Tracking Error and Portfolio Diversification Using Mutual Funds and ETFs
Mark Potter
August 7, 2014
Current practice and research in portfolio asset allocation employs necessary assumptions about which securities and asset classes are held in particular proportions in order to arrive at an “optimal” mix of investments. These studies typically employ the average performance in the input process, yet it is unlikely that investors hold average funds, and that the specific funds they own exhibit tracking error. We find that when we examine a representative investor year, 2013, mutual funds outperformed ETFs and ETFs exhibited a greater degree of risk. ETFs had lower expenses but a greater tracking error. In addition, simulations revealed that it took twice as many ETFs to reduce tracking error compared to mutual funds. Finally, key variables that drive tracking error for both traditional mutual funds and ETFs are a manager’s experience and whether the fund employs leverage.

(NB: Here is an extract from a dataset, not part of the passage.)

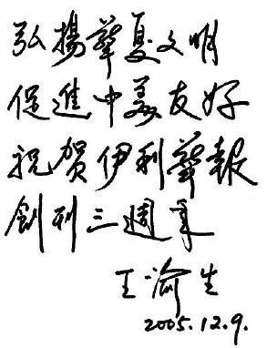 時間如梭,《伊利華報》走過了三年的里程,這三年雖有艱辛,但也輝煌。雖然我們早已回到國內,遠隔萬里,但《伊利華報》一直在我心中關注,保持着友好的聯繫。三年間,報紙從一個稚童走向成熟,從每月的一期增加到兩期;從克城走向各州更大的範圍。在國內,每當得到一份報《伊利華報》,心情總按捺不住急于尋找我熟悉的面孔,想瞭解朋友近期的工作、生活,願朋友健康、好運。《伊利華報》用自己的眞誠凝聚了海外赤子,用自己的熱情搭起了華人朋友説話交流的平台。用自己的奉獻給華人朋友送去幫助和溫暖。

Retirement Risk, Rising Equity Glidepaths, and Valuation-Based Asset Allocation
Michael Kitces and Wade Pfau
September 16, 2014
This research investigates two types of dynamic asset allocation strategies (predetermined equity glidepaths and valuation-based asset allocation) for retirees using U.S. historical data. We analyze fixed asset allocations, traditional declining equity glidepaths, rising equity glidepaths, accelerated traditional and rising glidepaths, valuation-based allocations tethered around a fixed allocation, and glidepaths with valuation-based overlays. With U.S. historical data, it is difficult to beat a strategy which maintains a consistently high allocation to stocks (especially as measured by terminal median wealth), to the extent that a retiree’s risk tolerance allows for this, and subject to the caveat that high stock allocations cannot always be expected to do as well in the future. However, when we consider retirements beginning in varying valuation environments (as defined by the level of Robert Shiller’s cyclically-adjusted price-earnings ratio relative to its then-current historical median), we find the potential for different dynamic allocation strategies to help retirees sustain higher spending levels with lower average stock allocations in certain situations. When retirements begin in overvalued market environments (which reflects the situation for new retirees today), an accelerated rising equity glidepath has shown much potential to provide downside risk protection for retirees by minimizing equity exposure when an adverse market event would have the greatest impact. In other valuation environments, historical worst-case scenario sustainable withdrawal rates were highest with valuation-based asset allocation strategies, which maintain a midrange average stock allocation but adjust higher or lower when markets are deemed undervalued or overvalued, respectively.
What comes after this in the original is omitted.